→ **INFORMATION SHOWN**
------------------------------------
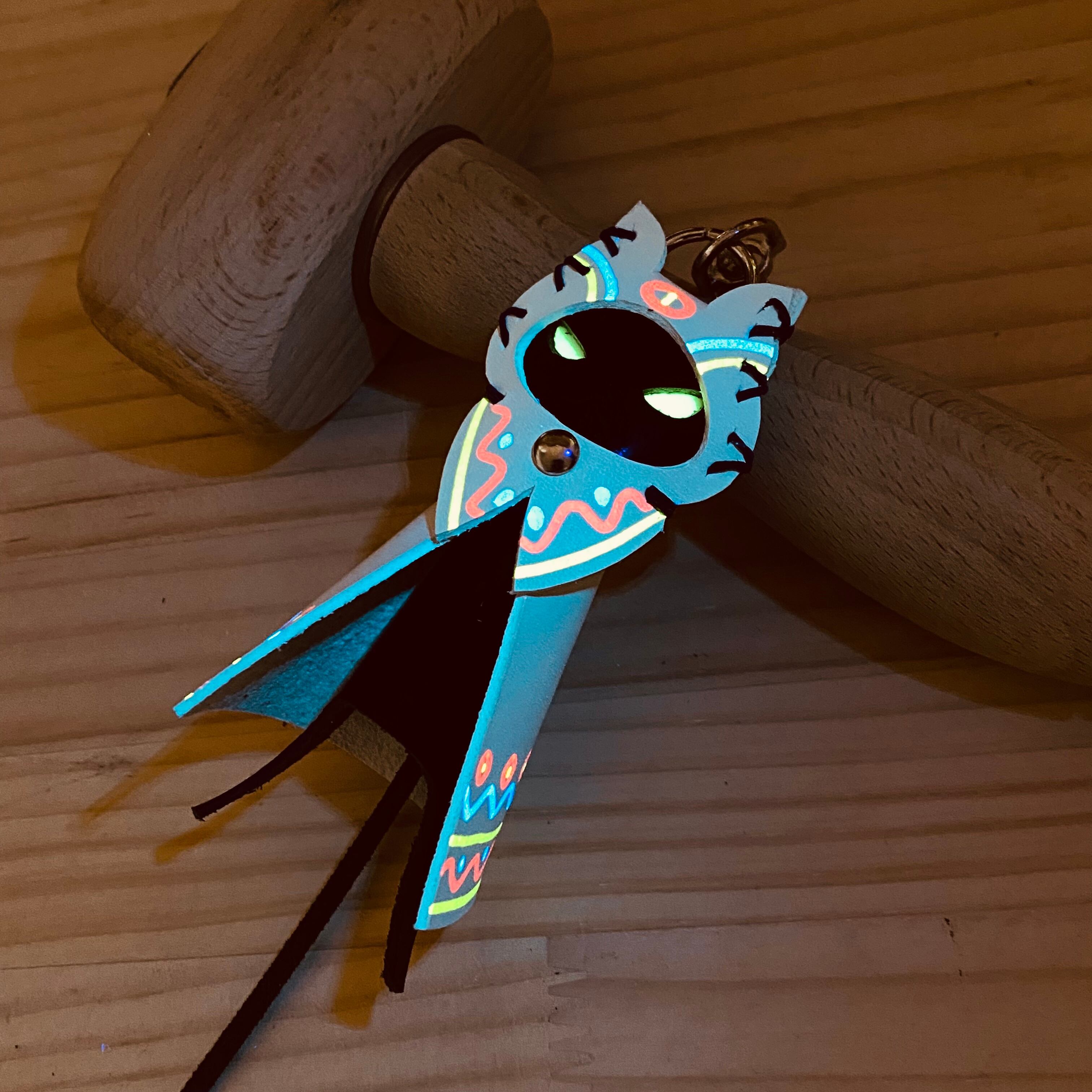 キーホルダー、バッグチャームにどうぞ。天然皮革製のため、徐々にくたびれてリラックスした雰囲気になっていきます。ただし、ペイントに関しては徐々に劣化して発光が鈍くなっていきますのでご理解ください。
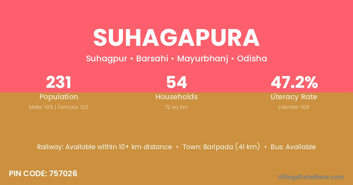 Baripada (41 km) is the nearest town to Suhagapura village for major economic activities and is located approximately 41 km away.
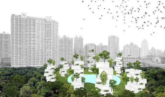 在人口高度集聚,人氣向心區(qū)域,但城市現(xiàn)代化發(fā)展延遲的中國城市中心區(qū)域,將新的高密度垂直社區(qū)和垂直森林,置換原有舊區(qū),從而迅速增加地塊價值,增加密度吸引人氣,同時打造未來綠色城市的先鋒旗幟。
------------------------------------
With the images omitted, return the full material exactly.

→ **OUTPUT FOR THIS EXERCISE**
 キーホルダー、バッグチャームにどうぞ。天然皮革製のため、徐々にくたびれてリラックスした雰囲気になっていきます。ただし、ペイントに関しては徐々に劣化して発光が鈍くなっていきますのでご理解ください。
 Baripada (41 km) is the nearest town to Suhagapura village for major economic activities and is located approximately 41 km away.
 在人口高度集聚,人氣向心區(qū)域,但城市現(xiàn)代化發(fā)展延遲的中國城市中心區(qū)域,將新的高密度垂直社區(qū)和垂直森林,置換原有舊區(qū),從而迅速增加地塊價值,增加密度吸引人氣,同時打造未來綠色城市的先鋒旗幟。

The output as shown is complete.